移动互联网时代的开启使得每出行者都成为交通信息的贡献者,超大规模的位置数据在云端进行处理和融合生成城市全时段
无盲区的交通信息。本届算法挑战赛以“移动互联时代的智慧交通预测”为主题,邀请参赛者基于互联网交通信息建立算法模型,精准预测各关键路段在某个时段的通行时间,实现对交通状态波动起伏的预判,助力社会智慧出行和城市交通智能管控。组委会将通过计算参赛者提交预测值和记录真实值之间的误差确定预测准确率,评估所提交的预测算法。
数据集介绍:
a:路段属性表
每条道路的每个通行方向由多条路段(link)构成,数据集中会提供每条link的唯一标识,长度,宽度,以及道路类型,如表1所示;图1示例了地面道路link1和link2的属性信息。
b:link之间按照车辆允许同性的方向存在上下游关系,,数据集中提供每条link的直接上游link和直接下游link,如表2所示;图2示例了link2的in_links和out_links。
c:link历史通行时间表
数据集中记录了历史每天不同时间段内,2min为一个时间段,每条link上的平均旅行时间,每个时间段的平均旅行时间是基于在该时间段内
进入link的车辆在该link上的旅行时间产出;
大赛提供132条link的静态信息,以及这些link之间的上下游拓扑结构。同时,大赛提供2016年3月至2016年5月每条link每天的旅行时间,以及2016年6月早上[6:00- 8:00)每条link的平均旅行时间。
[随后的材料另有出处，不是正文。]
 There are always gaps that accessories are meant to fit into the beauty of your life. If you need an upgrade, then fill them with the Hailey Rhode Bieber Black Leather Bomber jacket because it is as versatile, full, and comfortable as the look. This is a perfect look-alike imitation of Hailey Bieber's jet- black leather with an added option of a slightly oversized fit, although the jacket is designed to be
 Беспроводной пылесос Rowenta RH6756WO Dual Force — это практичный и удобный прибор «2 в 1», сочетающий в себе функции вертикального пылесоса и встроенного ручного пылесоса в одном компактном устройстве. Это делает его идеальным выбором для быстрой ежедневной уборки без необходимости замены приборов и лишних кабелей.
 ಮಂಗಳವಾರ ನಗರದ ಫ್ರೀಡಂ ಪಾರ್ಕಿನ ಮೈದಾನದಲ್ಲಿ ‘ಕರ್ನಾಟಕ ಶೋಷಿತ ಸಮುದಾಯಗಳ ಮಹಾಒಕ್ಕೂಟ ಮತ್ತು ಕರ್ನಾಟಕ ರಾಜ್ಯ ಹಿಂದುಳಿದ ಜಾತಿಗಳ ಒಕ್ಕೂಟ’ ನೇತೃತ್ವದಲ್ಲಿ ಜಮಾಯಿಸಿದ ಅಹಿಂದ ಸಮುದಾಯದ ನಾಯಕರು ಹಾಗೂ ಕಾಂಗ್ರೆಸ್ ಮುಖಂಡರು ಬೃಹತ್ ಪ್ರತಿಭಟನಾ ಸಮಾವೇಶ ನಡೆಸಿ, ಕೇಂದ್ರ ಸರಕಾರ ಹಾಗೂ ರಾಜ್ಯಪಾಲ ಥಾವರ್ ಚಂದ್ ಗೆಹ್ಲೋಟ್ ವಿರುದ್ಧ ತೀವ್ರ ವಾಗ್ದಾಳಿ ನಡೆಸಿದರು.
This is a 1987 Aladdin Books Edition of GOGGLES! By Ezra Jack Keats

请选手基于训练数据预测2016年6月份[8:00-9:00)每条link上每两分钟时间片的平均旅行时间。
方法1:利用LR回归来预测
通过比赛提取特征:
- # -*- coding: utf-8 -*-
- import pandas as pd
- import time
- import numpy as np
- from sklearn import metrics
- from sklearn import tree
- from sklearn.linear_model import LinearRegression
- def main():
- #加载标记数据
- label_ds=pd.read_csv(r"link_train_0801.txt",sep='\t',encoding='utf8',\
- names=['link_id','link_seq','length','width','link_class','start_date','week','time_interval','time_slot','travel_time',\
- 'avg_travel_time','sd_travel_time','inlinks_num','outlinks_num','inlinks_avg_travel_time','outlinks_avg_travel_time',\
- 'inlinks_atl_1','inlinks_atl_2','inlinks_atl_3','inlinks_atl_4','outlinks_atl_1','outlinks_atl_2','outlinks_atl_3','outlinks_atl_4'])
- label_ds["link_id"] = label_ds["link_id"].astype("string")
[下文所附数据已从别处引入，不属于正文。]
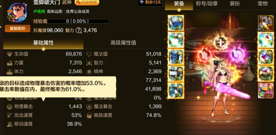 【7】劍魔,60級怪需要1731,70級怪需要2288暴擊!

- label_ds["link_seq"] = label_ds["link_seq"].astype("int")
- label_ds["length"] = label_ds["length"].astype("int")
- label_ds["width"] = label_ds["width"].astype("int")
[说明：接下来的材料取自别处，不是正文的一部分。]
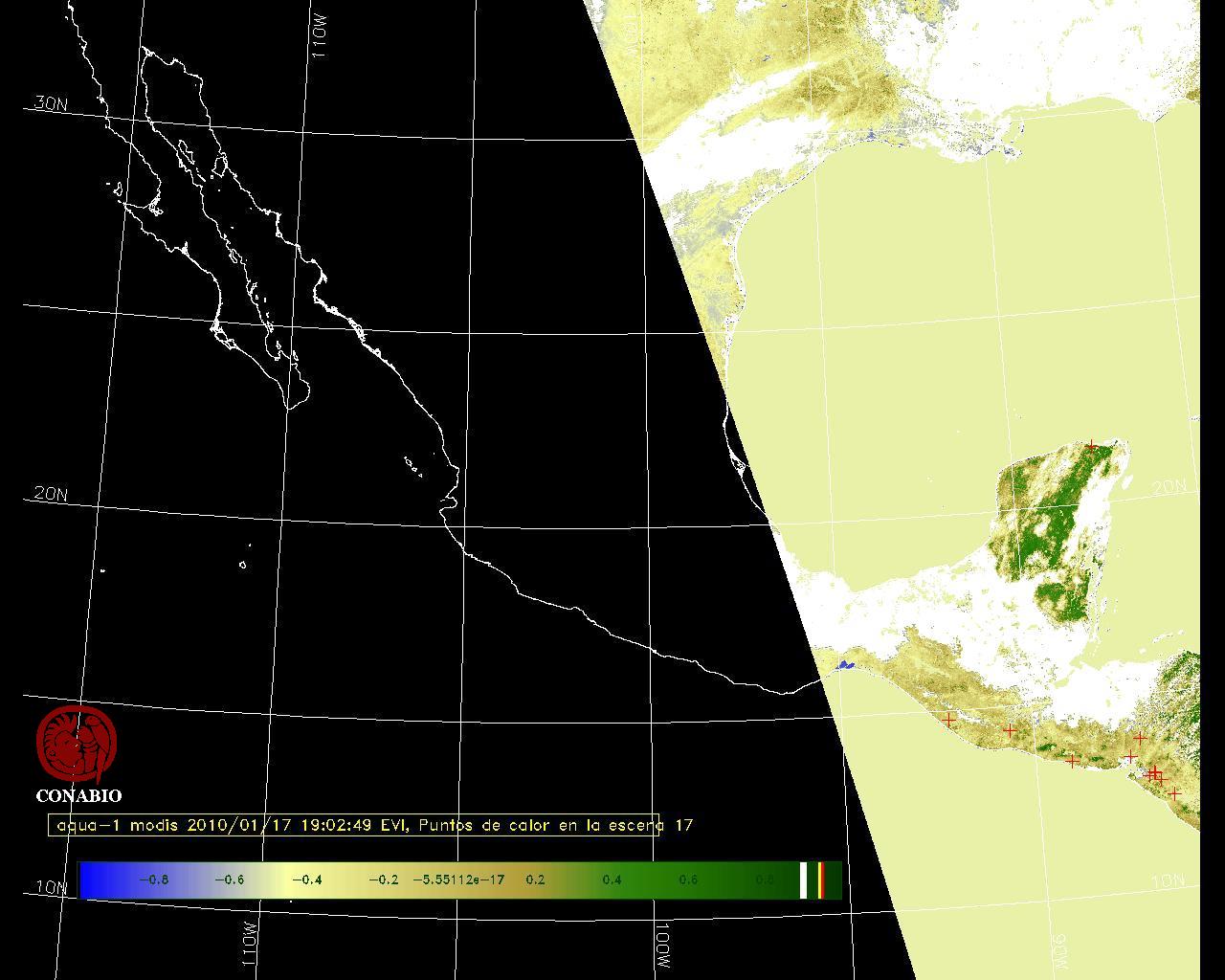 Se considera como punto de calor al elemento espacial mínimo de la imagen (pixel) que reporta una temperatura elevada. Para las imágenes diurnas la temperatura mínima considera es de 42 C y para las imágenes nocturnas es de 25 C. |

- label_ds["link_class"] = label_ds["link_class"].astype("int")
- label_ds["start_date"] = label_ds["start_date"].astype("string")
- label_ds["week"] = label_ds["week"].astype("int")
- label_ds["time_interval"] = label_ds["time_interval"].astype("string")
- label_ds["time_slot"] = label_ds["time_slot"].astype("int")
- label_ds["travel_time"] = label_ds["travel_time"].astype("float")
- label_ds["avg_travel_time"] = label_ds["avg_travel_time"].astype("float")
- label_ds["sd_travel_time"] = label_ds["sd_travel_time"].astype("float")
- label_ds["inlinks_num"] = label_ds["inlinks_num"].astype("int")
- label_ds["outlinks_num"] = label_ds["outlinks_num"].astype("int")
- label_ds["inlinks_avg_travel_time"] = label_ds["inlinks_avg_travel_time"].astype("float")
- label_ds["outlinks_avg_travel_time"] = label_ds["outlinks_avg_travel_time"].astype("float")
- label_ds["inlinks_atl_1"] = label_ds["inlinks_atl_1"].astype("float")
- label_ds["inlinks_atl_2"] = label_ds["inlinks_atl_2"].astype("float")
- label_ds["inlinks_atl_3"] = label_ds["inlinks_atl_3"].astype("float")
- label_ds["inlinks_atl_4"] = label_ds["inlinks_atl_4"].astype("float")
- label_ds["outlinks_atl_1"] = label_ds["outlinks_atl_1"].astype("float")
- label_ds["outlinks_atl_2"] = label_ds["outlinks_atl_2"].astype("float")
- label_ds["outlinks_atl_3"] = label_ds["outlinks_atl_3"].astype("float")
- label_ds["outlinks_atl_4"] = label_ds["outlinks_atl_4"].astype("float")
- #加载预测数据
- unlabel_ds=pd.read_csv(r"link_test_0801.txt",sep='\t',encoding='utf8',\
- names=['link_id','link_seq','length','width','link_class','start_date','week','time_interval','time_slot',\
- 'avg_travel_time','sd_travel_time','inlinks_num','outlinks_num','inlinks_avg_travel_time','outlinks_avg_travel_time',\
- 'inlinks_atl_1','inlinks_atl_2','inlinks_atl_3','inlinks_atl_4','outlinks_atl_1','outlinks_atl_2','outlinks_atl_3','outlinks_atl_4'])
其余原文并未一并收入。